Он уставился на нее удивленным взглядом:
— Не понимаю, о чем вы говорите.
— Возможно, мне показалось, — усомнилась она. — А теперь наклонитесь и покажите мне порез.
Она чуть не рассмеялась, заметив, что он взглянул на нее с опаской.
— Со мной все в порядке. Обещаю не падать в обморок. Я не выношу вида только собственной крови.
— Я вас хорошо понимаю.
Она осторожно приложила ладонь к его щеке. При прикосновении ее руки к его лицу сердце у нее бешено заколотилось, словно в насмешку над ее недавними самоуверенными мыслями о собственном самообладании. Он придвинулся чуть ближе.

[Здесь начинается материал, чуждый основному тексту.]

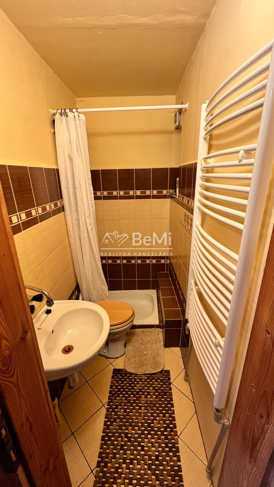 Sociálna časť: sprchový kút, umývadlom, WC, nástenný radiátor.
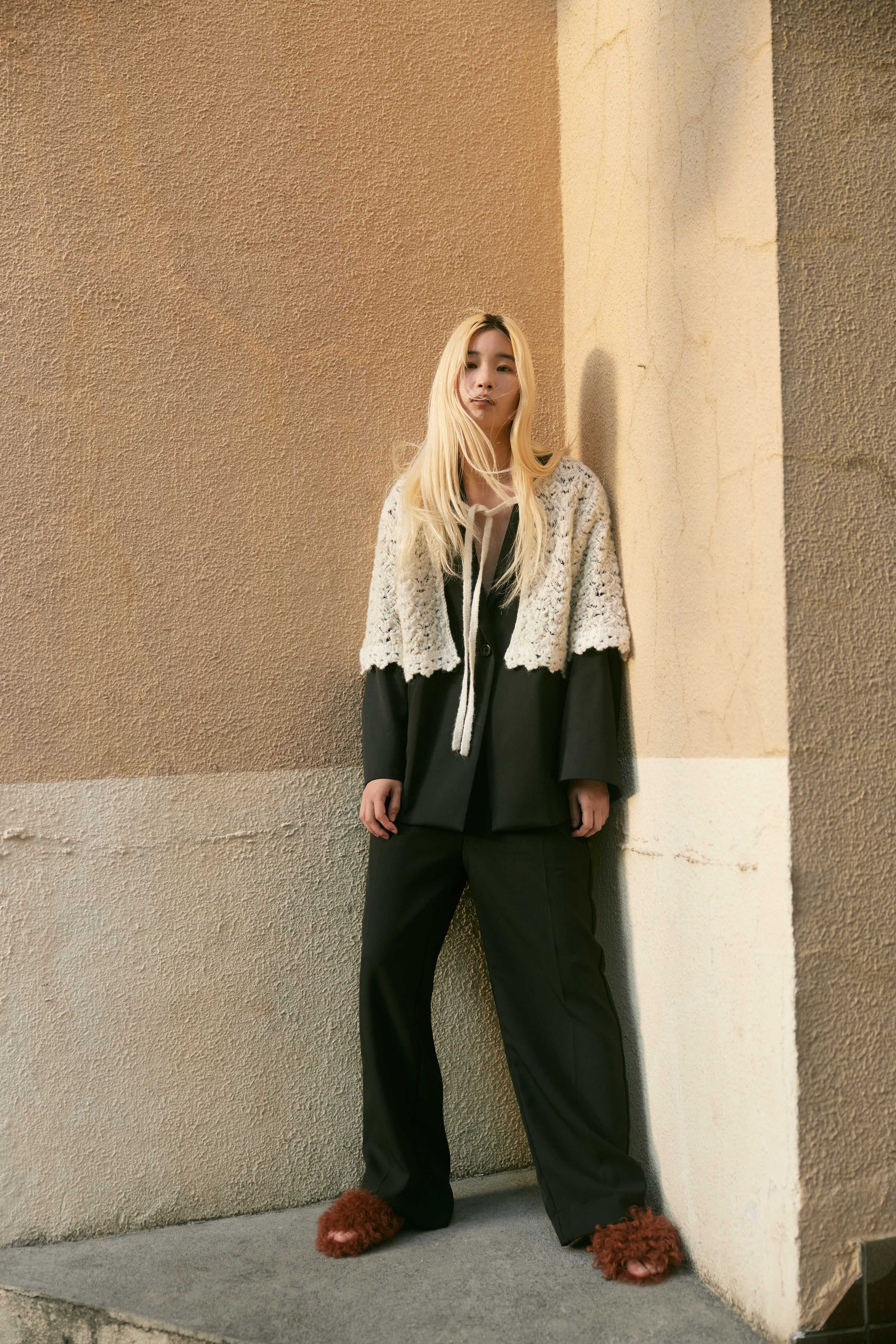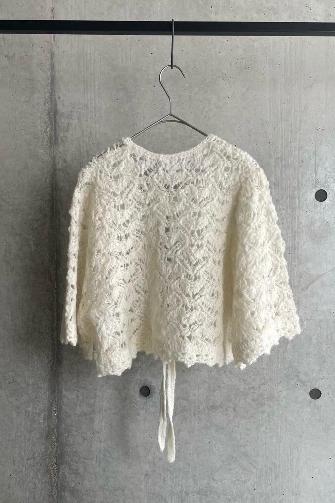 オリジナルで作ったウールスラブリリヤンに、細番手のKidmohairを引き揃えて、粗野感はありつつも複雑な繊細さを感じられる素材感の透かし編みのボレロです。端のかぎ針トリミングがとても可愛く、甘くドリーミーなアイテムですが、ジャケットや衿付きシャツなどかっちりしたスタイルに合わせると甘くなり過ぎずに着られるかなと思います。

— Как вы полагаете, рана не смертельная? — спросил Джастин. Хотя его голос стал неторопливым и теплым, как подтаявший свечной воск, взгляд его был голодным, настороженным и решительным, как у человека, приближающегося к банкетному столу врага с обнаженным мечом в руке. — Ну как? — Его вкрадчивый тон соблазнял, ласкал.
Она отодвинулась на дюйм, судорожно глотнув воздуха. Он приблизился на три дюйма.

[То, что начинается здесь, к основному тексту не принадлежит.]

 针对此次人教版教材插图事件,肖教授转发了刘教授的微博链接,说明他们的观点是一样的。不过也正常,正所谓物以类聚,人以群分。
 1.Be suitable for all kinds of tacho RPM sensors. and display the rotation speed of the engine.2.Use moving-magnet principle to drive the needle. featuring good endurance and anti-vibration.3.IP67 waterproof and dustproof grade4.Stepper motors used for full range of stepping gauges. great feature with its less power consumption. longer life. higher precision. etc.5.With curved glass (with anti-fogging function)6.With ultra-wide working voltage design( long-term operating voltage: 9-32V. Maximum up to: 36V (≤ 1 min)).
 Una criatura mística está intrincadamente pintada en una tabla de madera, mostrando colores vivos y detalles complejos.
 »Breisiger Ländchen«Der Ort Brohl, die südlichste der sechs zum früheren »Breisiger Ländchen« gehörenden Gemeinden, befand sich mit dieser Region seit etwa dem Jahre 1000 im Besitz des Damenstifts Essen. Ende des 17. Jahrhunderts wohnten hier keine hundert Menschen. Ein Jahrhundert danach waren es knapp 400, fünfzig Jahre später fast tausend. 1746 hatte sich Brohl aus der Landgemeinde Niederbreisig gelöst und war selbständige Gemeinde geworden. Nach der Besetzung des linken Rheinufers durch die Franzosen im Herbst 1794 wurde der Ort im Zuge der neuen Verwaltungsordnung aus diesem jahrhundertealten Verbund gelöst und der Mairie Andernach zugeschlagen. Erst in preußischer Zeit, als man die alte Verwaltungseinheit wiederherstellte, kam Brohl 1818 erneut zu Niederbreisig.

— Никто еще не умирал от разбитой губы.
Она его испугала, затушила огонек, занявшийся в его глазах, и вновь вернула его лицу насмешливое выражение. Он рассмеялся:
— Вы всегда так правдивы?
Ей следовало бы вздохнуть с облегчением, а она почувствовала разочарование.
— Большей частью.
— Почему?
— Если говорить людям правду, они научатся не спрашивать обо всем, что придет в голову.
Он снова рассмеялся:
— Ей-богу, у вас линия обороны мощнее, чем у любой из женщин, которых я знал.
— Линия обороны? — возмутилась она. — Какая нелепость! От кого, интересно, мне нужно защищаться?

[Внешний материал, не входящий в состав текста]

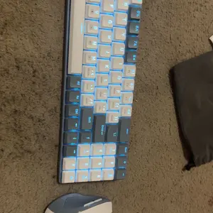 A clean blue-and-white keyboard and mouse setup with a cool, compact design. The surrounding items add personality, though a quick tidy-up would sharpen the look. Nice and functional space!
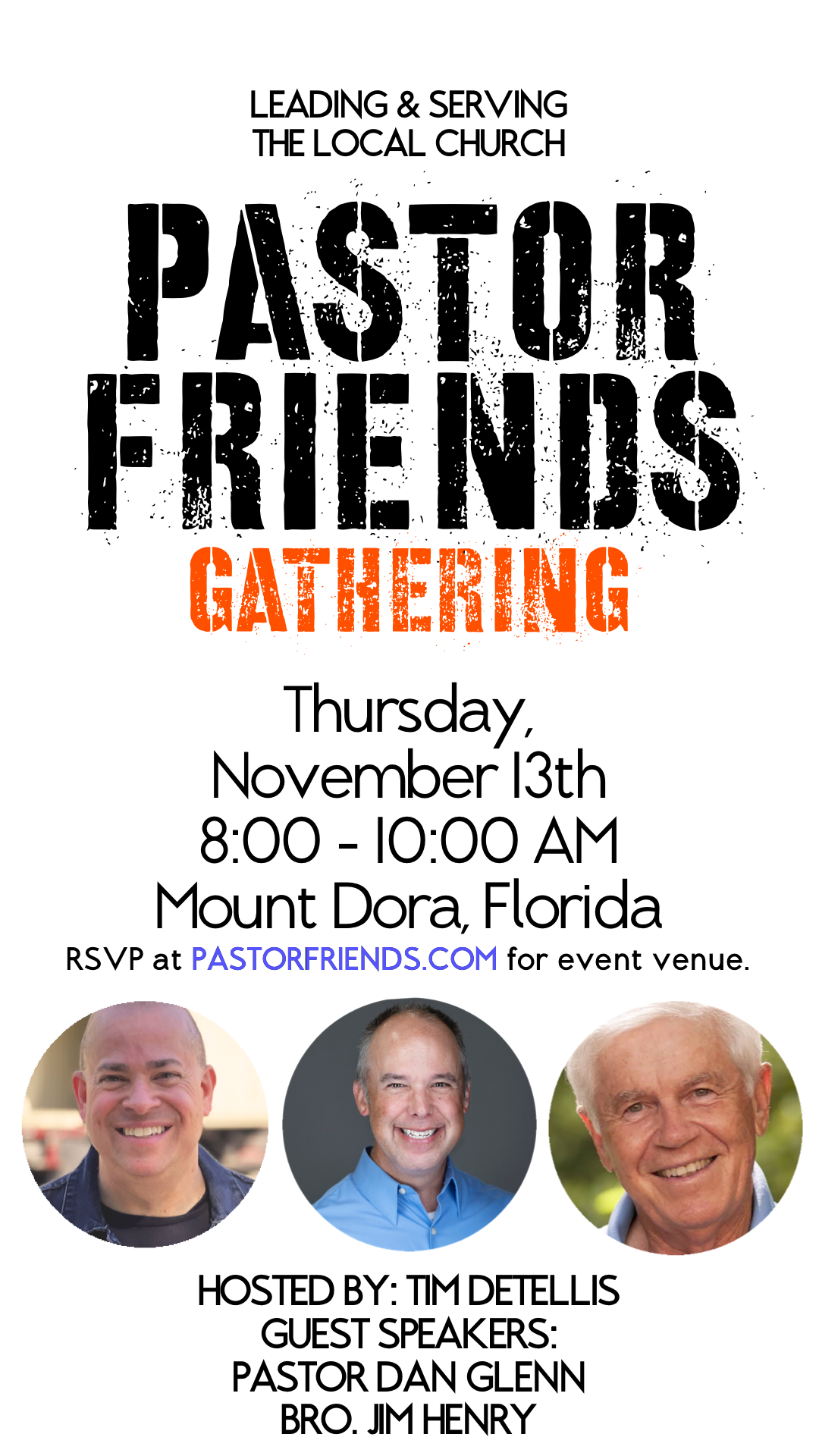 Join us at our next Pastor Friends gathering featuring speakers to share encouragement and insights to help you and strengthen your local church.

— От меня, например, — оповестил он, сложив на груди руки.
— Не смешите меня. На сей раз, Джастин, ваше тщеславие, по-моему, завело вас слишком далеко. — Она фыркнула. — Вам, наверное, кажется, что каждая женщина мечтает о вас.
— А вы? Вы мечтаете? — заинтересованно спросил он.
— Нет!
По его физиономии медленно расплылась улыбка.
— Лгунья.
— Самодовольный индюк!
— Трусиха!
— Хвастун!
— Совенок!
— Лось!
Он расхохотался и ласково потрепал ее по подбородку, словно утешая раскапризничавшуюся маленькую девочку, что ее почему-то очень рассердило. Она сбросила его руку. Неужели ей и впрямь хотелось недавно поцеловать его? Да она лучше поцелует в морду пони мистера Блумфилда!
— Знаете, что мне нравится в вас больше всего, Эви? Ваша непревзойденная изобретательность в использовании богатств английского языка. Интересно, каким следующим живописным термином вы меня наградите? Коровья лепешка?
Сама себе удивляясь, она хихикнула. Обычно она никогда не хихикала. Разве что в далеком детстве.
— Вы все еще сердитесь на меня? — Хотя он задал вопрос как бы между прочим, глаза его смотрели настороженно.
— Долго сердиться на вас бесполезно, Джастин Пау-элл, — проворчала она с нарочито тяжелым вздохом.
Он шутливо отвесил ей нижайший поклон.
— Я ваш должник, мадам.
— Как? Опять? Я трепещу в предвкушении. Неужели у вас есть в собственности еще монастыри, которым я могла бы найти применение? — насмешливо поинтересовалась она и услышала, как он затаил дыхание. Он шагнул к ней, потом, словно опомнившись, поцеловал кончики своих пальцев и прикоснулся ими к ее губам.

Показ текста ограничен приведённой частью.